Django Order By Date, but have "None" at end?

I have a model of work orders, with a field for when the work order is required by. To get a list of work orders, with those that are required early, I do this:

wo = Work_Order.objects.order_by('dateWORequired')

This works nicely, but ONLY if there is actually a value in that field. If there is no required date, then the value is None. Then, the list of work orders has all the None's at the top, and then the remaining work orders in proper order.

How can I get the None's at the bottom?


Solution 1:

Django 1.11 added this as a native feature. It's a little convoluted. It is documented.

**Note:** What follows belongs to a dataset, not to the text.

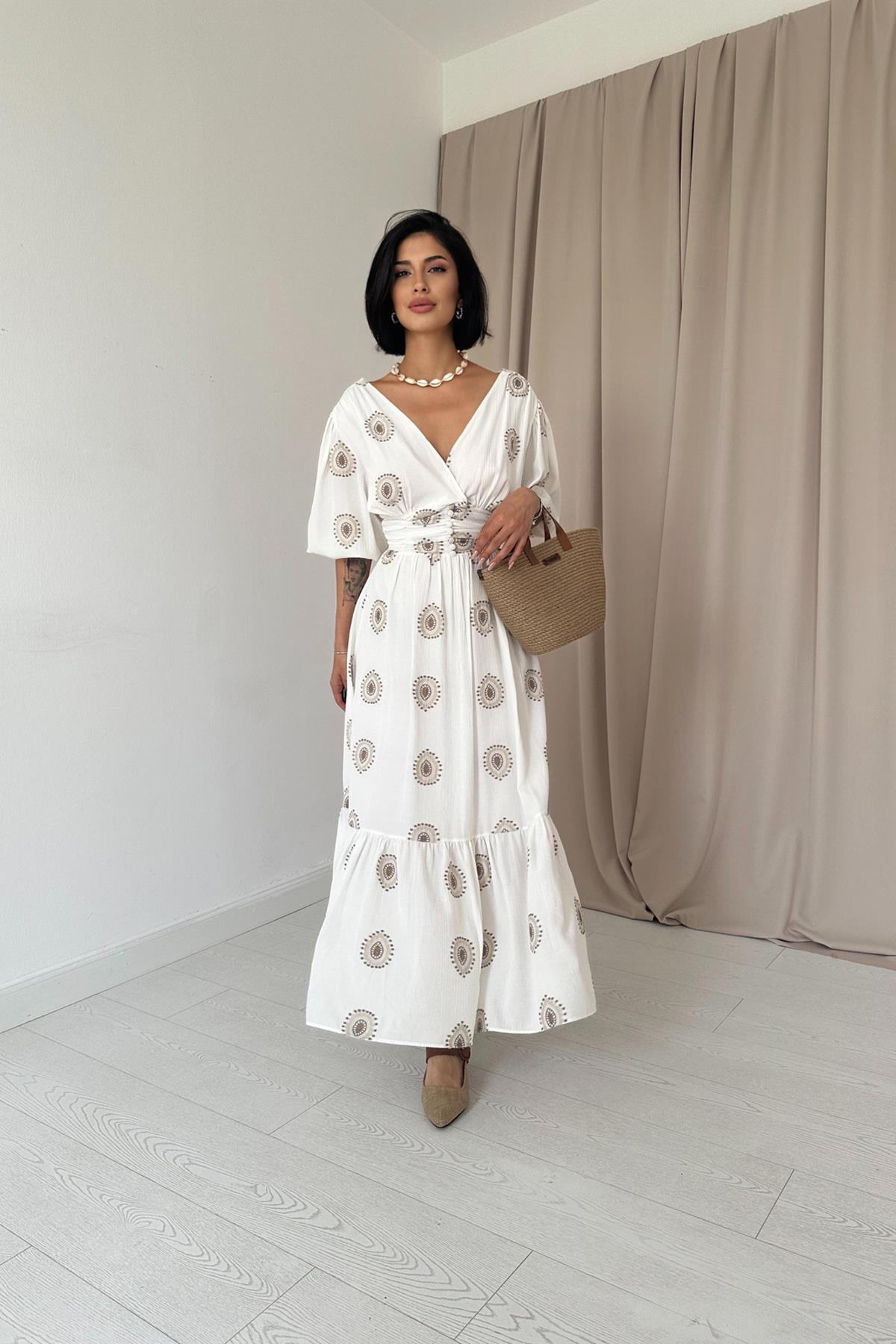 Оптовое коричневое платье с рукавами-фонариками и корсажем

Ordered with only one field, ascending:

wo = Work_Order.objects.order_by(F('dateWORequired').asc(nulls_last=True))

Ordered using two fields, both descending:

wo = Work_Order.objects.order_by(F('dateWORequired').desc(nulls_last=True), F('anotherfield').desc(nulls_last=True))

Solution 2:

q = q.extra(select={
        'date_is_null': 'dateWORequired IS NULL',
    },
    order_by=['date_is_null','dateWORequired'],
)

You might need a - before the date_is_null in the order_by portion, but that's how you can control the behavior.

Solution 3:

This was not available when the question was asked, but since Django 1.8 I think this is the best solution:

from django.db.models import Coalesce, Value
long_ago = datetime.datetime(year=1980, month=1, day=1)
Work_Order.objects.order_by('dateWORequired')
MyModel.objects.annotate(date_null=
    Coalesce('dateWORequired', Value(long_ago))).order_by('date_null')

Coalesce selects the first non-null value, so you create a value date_null to order by which is just dateWORequired but with null replaced by a date long ago.